Ok so this is the third consecutive month I’ve being single, and don’t get me wrong I’ve thoroughly enjoyed a fair bit of it – once the initial crying at the unfairness of it all and the lack of respect shown from the ex had subsided and I realised I didn’t miss him as much as I thought I would, I settled into the joy of not having to look like a goddess every time he came round (especially as I didn’t see him all the time the pressure to look good was intense) The constant waxing, immacing, shaving and hair washing, colouring and straightening was quite a strain especially mixed in with the rest of my life, the gym classes and sessions, the 2 jobs, not to mention my social life and housework, it’s a miracle I didn’t have a nervous breakdown! (or get super thin??! I should be so lucky!)
It was therefore a blessed relief for a few weeks while my attitude shifted, I went on holiday, I sunbathed, I didn’t care what I ate, I drank wine a fair bit and I re-evaluated my life. I decided I needed a better balance, to slow down a bit and enjoy my time more rather than run around like a headless chicken from pillar to post. Me & Lisa had devised an action plan fuelled by copious glasses of wine no doubt (isn’t that how all good decisions are made?)
We’ve supported each other over the last few weeks to try to make sure we carry out some of what we wanted to do. So far so good.(She’s doing brilliantly and I’m very proud of her)
Me?
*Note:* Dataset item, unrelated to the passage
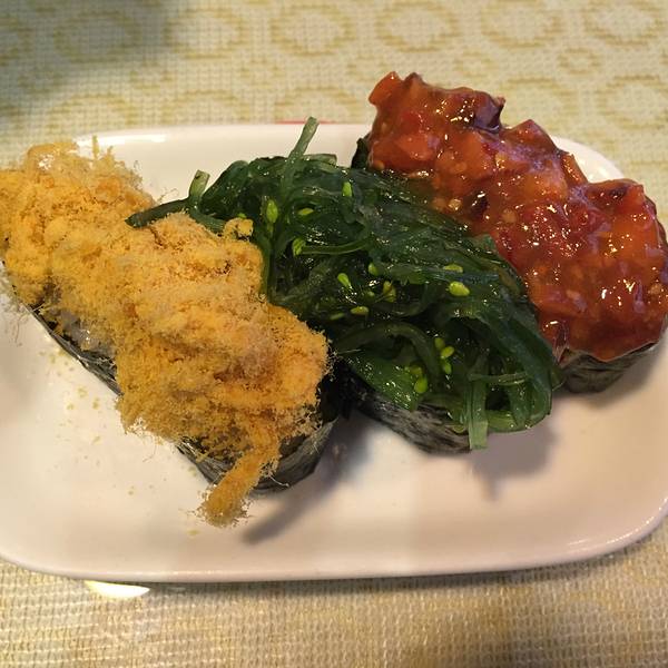 金田料理(南门店)位于武汉市洪山区桂元路华师南门元宝山,就在武汉华中师范大学南门到雄楚大道桂元路公交站路上中间的位置,位置很好,交通也算便利。来这里的吃的大部分都是华中师范大学的学生吧,或者是华师玩的朋友们,我们来这里是因为我们就住在华师南门的武汉华中师范大学华大教育培训中心管理教育综合楼,去赶公交的路上经过这里,刚好到了吃午饭的时间,看到店里又推出了几款特价活动,便进店瞧了瞧。原本是冲着28元变22元的汁煮肥牛锅烧饭去的,进去看了菜单后,发现有这么多好吃的,就变心了,哈哈。金田料理,是一个日韩式的餐厅,有点类似味千拉面一类的店子,不过经营的种类更多一些,这里不仅有各类寿司、拉面和咖喱饭外,还有各种锅物和炸物,价位都在十几块到三十多。点套餐的话就四五十元一份,够两个人吃。看了餐单,很多都想吃,就点了一个集寿司、炸物和蔬菜等为一体的韩式泡菜拉面锅。其中最想吃也是最好吃的便是这个单点也要12元的炸物了,名为吉列炸猪排,肉质鲜美,外酥里嫩,配着酱汁,非常酥脆,超级好吃。寿司,有三个,色彩鲜艳,分部是肉丝的、蔬菜的和辣椒酱的,不同材料的各有千秋,都很美味呢,最喜欢吃中间那个蔬菜的。这个名为大根,就是一个下饭菜,酸甜酸甜的,甜味更重,很好吃哦。香喷喷的米饭,上面还有芝麻呢。这才是我们的重中之重,我们的锅物,韩式泡菜拉面锅,香菇、鸡蛋、泡菜、丸子和拉面,经锅下的小火炖煮,在沸腾的小锅吃着,很不错哦。店内环境也很好呢,漂亮的灯具,以及浅色系的桌椅。另一侧则是我们的座位,配着着和服的日本女子,更有韵味。

Well I went to see a medium last week, I was very sceptical about the whole thing and I didn’t make it easy for her, I didn’t walk in and declare I’m single and I need a man, help me sort my life out!
However she pretty much had me sussed from the moment she saw me, she was quite insightful of my character, said I was a strong person, intelligent (hee hee) hard working (obviously). Being a medium she said she could communicate with people who had passed, as most of my family are on the other side she had my attention, I have to give her, her dues, she did tell me some things about my parents and my family she could not have possibly known.
She said I was obviously “fussy” when it came to men, at which point I laughed (because you all tell me that!), she said my mum had advised her of this but had said it was ok, it was good to be fussy, at which point I laughed so hard I cried! So from now on every time any of my friends or family state I’m too fussy, my standard response will be “well my mum said it was ok” You can’t argue with that!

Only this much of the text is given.